But nobody wants to hear that. I certainly don’t.

So I embark on projects that promise to be bolt-on opportunities, things I can work on for a bit, get up to speed, and then simply profit from for the rest of my life, without sacrificing anything I’ve already got. Of course, it never really works out that way, but so what? It gets me moving.

And the NEW, of course.

If you’re an opportunity seeker like me, the familiar and old hat becomes invisible to you quickly.

This is where the danger lies, because the familiar and old hat is really what works, while something genuinely new is very likely to fail, or at least to fail when you try to set it up.

The way I deal with this is to introduce novelty WITHIN familiar and old-hat structures. Such as for example, daily emailing.

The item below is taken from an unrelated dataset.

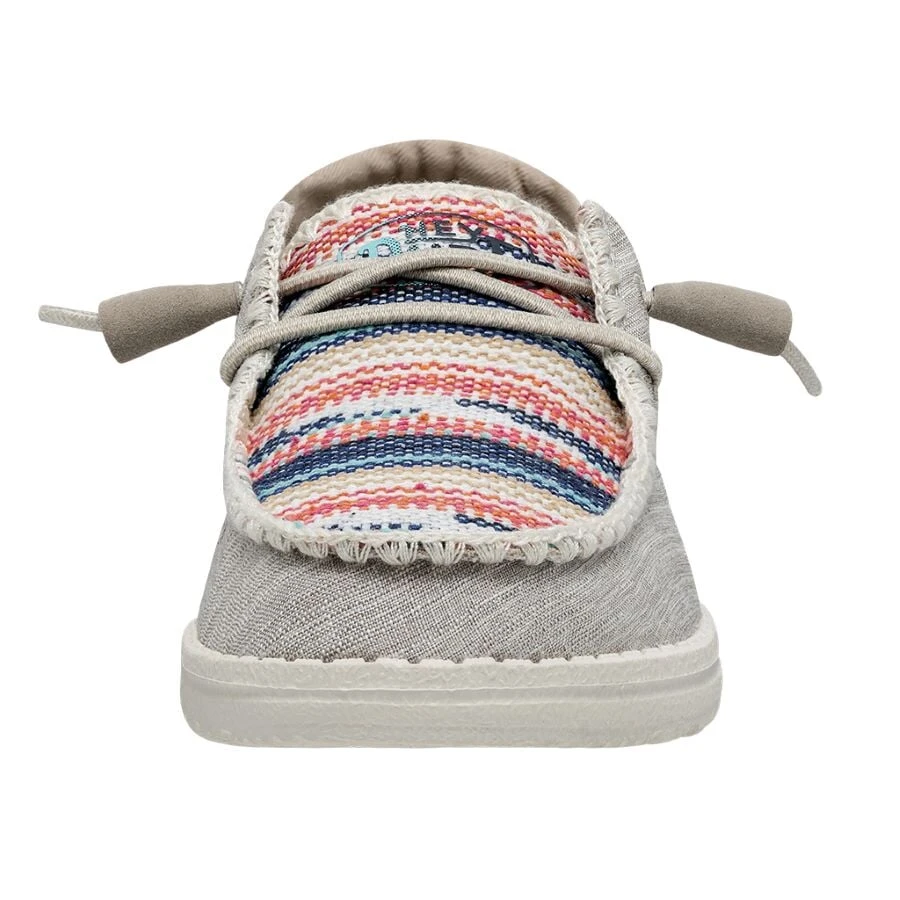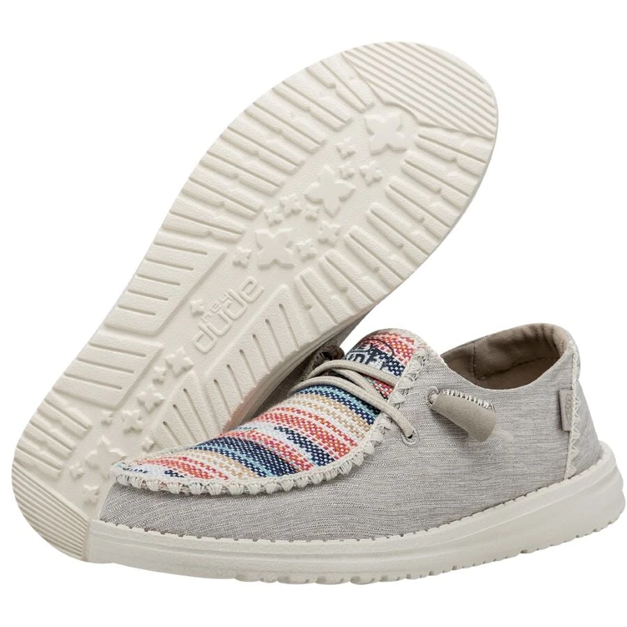 Introducing the Wendy Boho Blanket collection – classic, cool, vintage. Crochet stitching and patterned chambray-woven fabrics uppers come together with all the breathability, durability, and cloud-like HEYDUDE comfort your feet expect. Lined with a light and care-free cotton lining for strides just as easy-going and finished off on an ultralight outsole with no-tie, elastic laces. What more could you ask for from a shoe that serves for festival seasons that are meant to last all year ’round?Â

I’ve been doing this daily email every day for almost 8 years now.

Commitment and discipline, right? No. Novelty.

I never know what I’m gonna write about. It kind of stresses me out and excites me each morning. Today’s idea came (of course) during the shower.

So there you go:

1. Look at the marketing that’s working on getting you to move.

2. Figure out what done it.

3. Then apply it yourself in some way, to achieve whatever success you want to achieve in life.

Are you an opportunity seeker like me?

Do you want novelty? Do you want something for nothing? Do you want a reason to do it now?

If so, then daily emails might be for you. Like I told you, they work for me.

There’s public accountability. There’s the excitement of something new each day. And there’s something for nothing in the form of all the collateral content that gets produced, which you can feed into courses, books, paid newsletters, templates, apps, IP, which you can sell forever, without ever touching it again!

If you wanna get started with daily emails, today, I got a hot new opportunity for you:

https://bejakovic.com/deh

I would rather sport the Dumb & Dumber haircut for life

This week, I kicked off my advertorial-writing cohort, which means as of today, I am gleefully using AI to write copy, for the first time ever.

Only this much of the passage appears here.